Alasa Farms, also known as the Sodus Bay Shaker Tract and Sodus Bay Phalanx, is a historic farm complex located near the hamlet of Alton in Wayne County, New York. The farm complex was originally built and occupied by the Sodus Bay Shakers, an official branch of the United Society of Believers in Christ's Second Appearing, from 1826 to 1838. Between 1844 and 1846, the property was home to the Sodus Bay Phalanx of the Fourier Society, a group devoted to establishing utopian communities based on communal living. After 1846, the property lay vacant until 1868. It became a large scale, "model farm" in the early-20th century, being named Alasa Farms in 1924, by its owner Alvah Griffin Strong, grandson of Henry A. Strong.

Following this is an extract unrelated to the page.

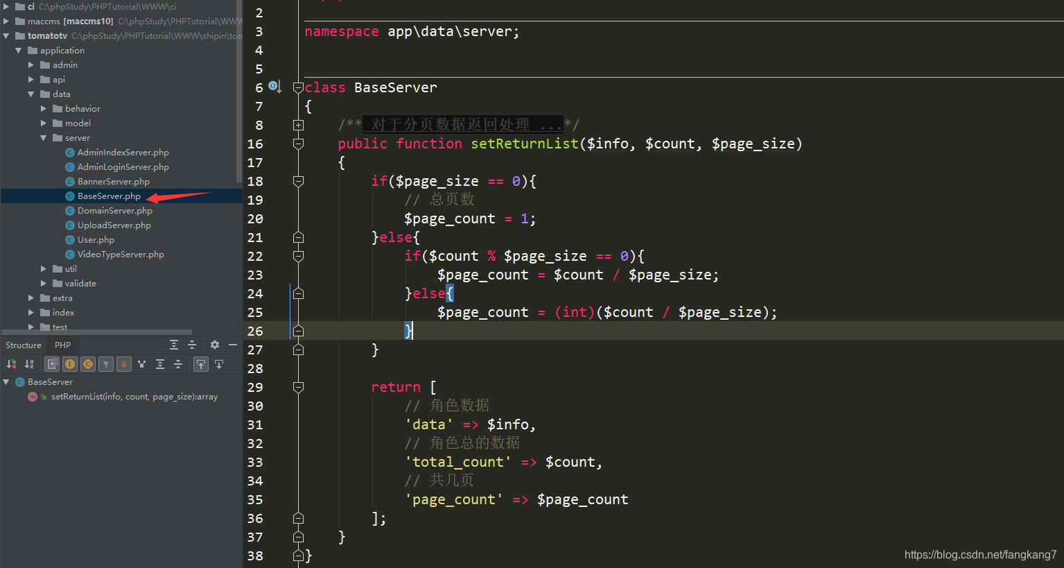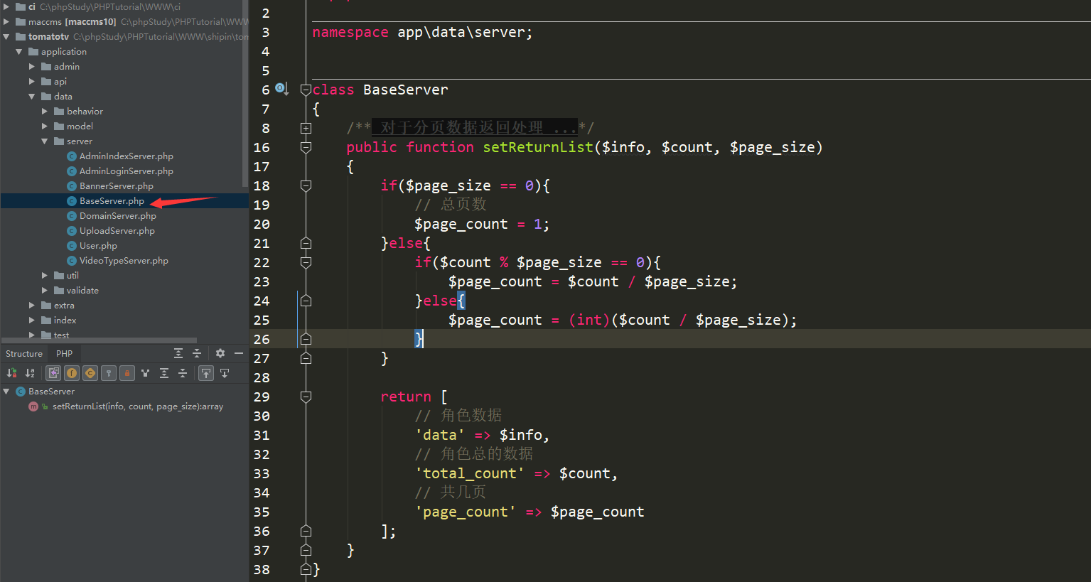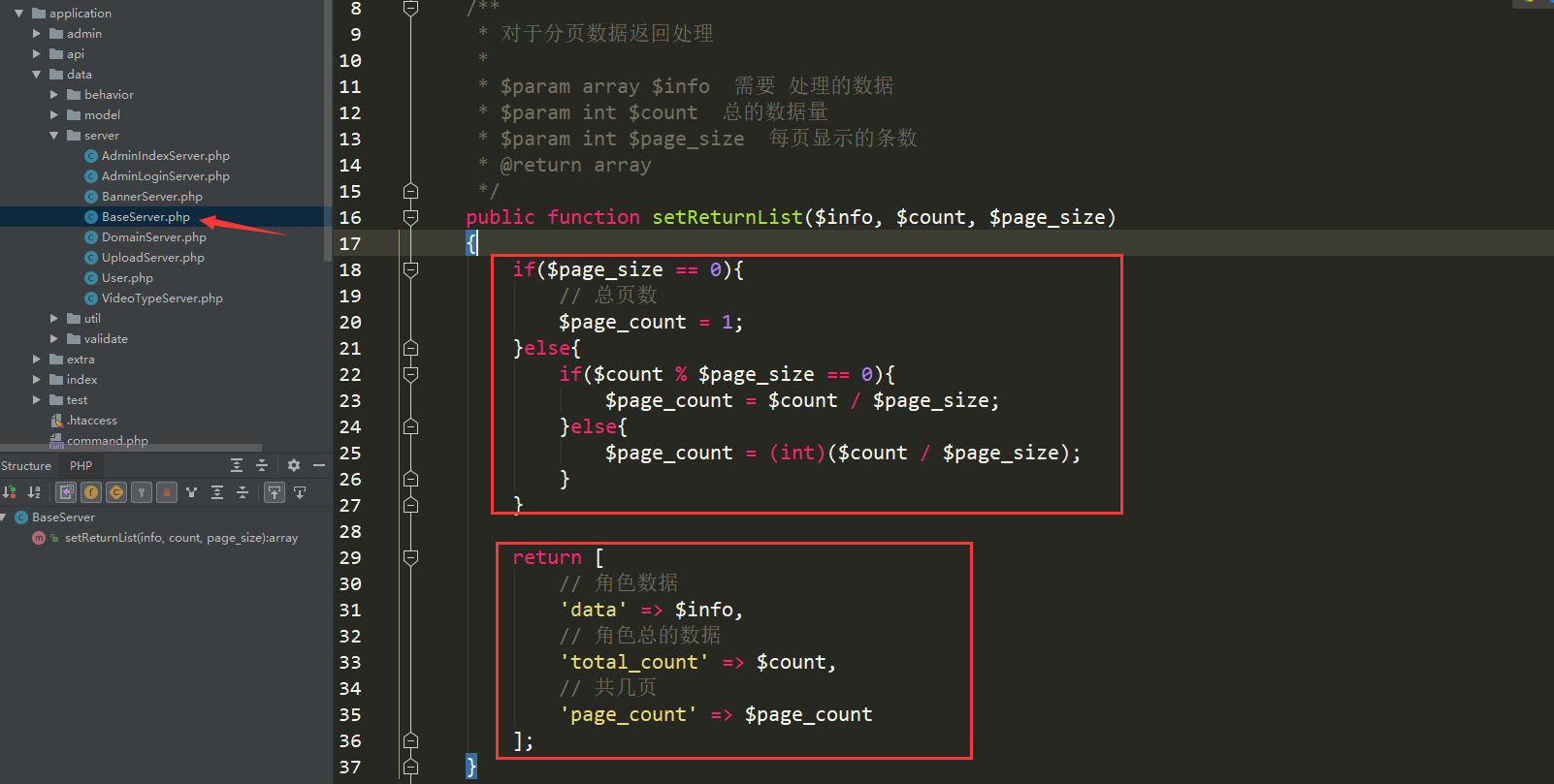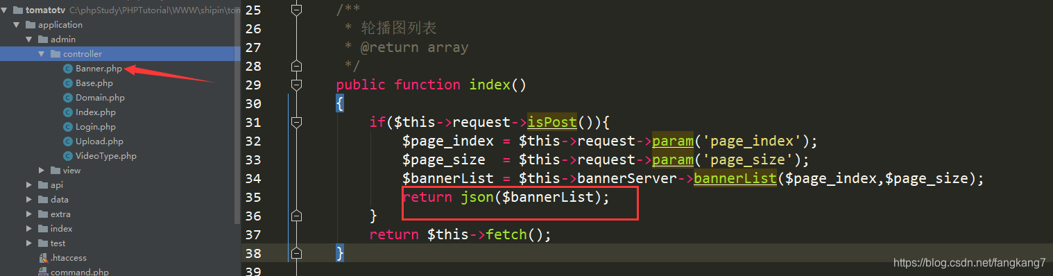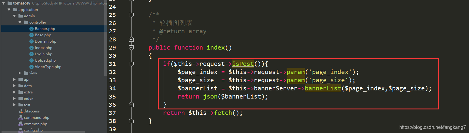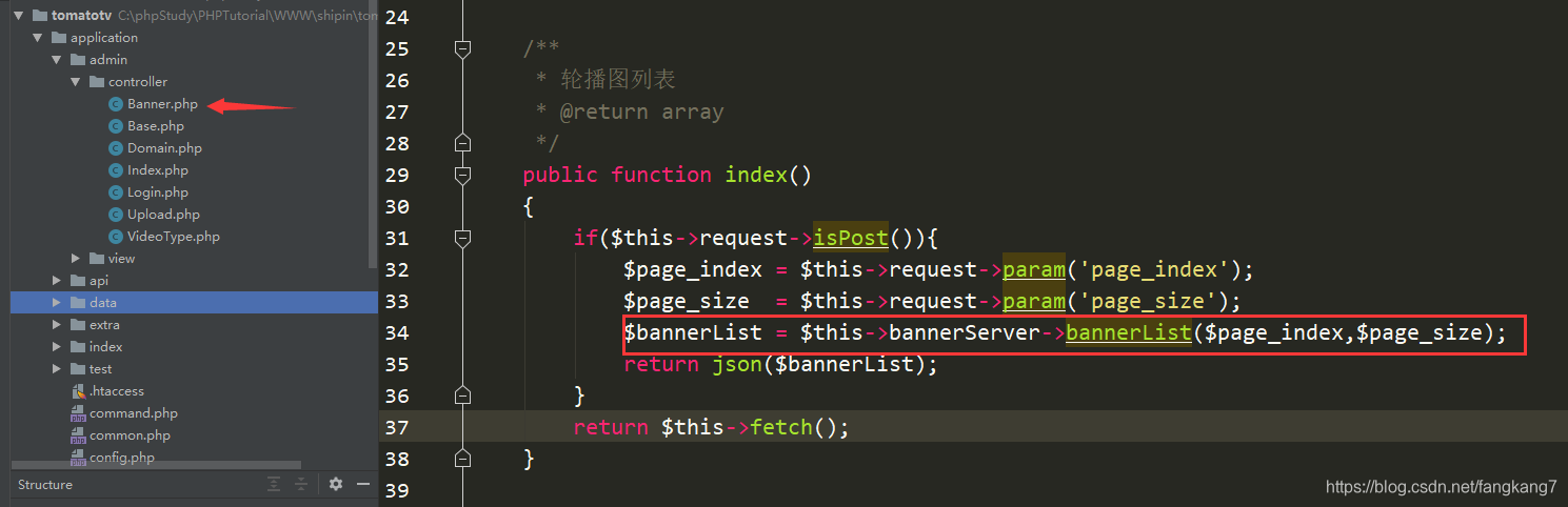 在bannerModel 里边获取列表的所有数据,这里边有一个关联预加载,这个是根据你们的业务来写的,如果没有其他业务直接获取全部然后page()->select()即可,model层数据处理完之后返回给bannerServer层
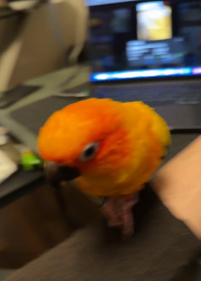 A sun conure perches on a person's left forearm, close to the wrist. The bird's plumage displays bright yellow, orange, and red hues. A computer monitor in the background displays coding. A laptop, a second monitor, and a keyboard are also visible on the desk. The overall setting is a workspace or office environment.

The property includes the contributing resources: the Main House and Deacon's House, large frame houses both built by the Shakers in 1833-1834; three gambrel roofed frame barns; board and batten barn (c. 1840s); pony barn; granary (1932); house for bachelor farmhands (1926); office (c. 1930); in ground pool and pool house (c. 1926); two tenant house (c. 1909); two small sheds; and a well with pump. In early 2011, Cracker Box Palace achieved ownership of Alasa Farms and it is used for farm animals of every kind to come to recover from illness, neglect or abuse.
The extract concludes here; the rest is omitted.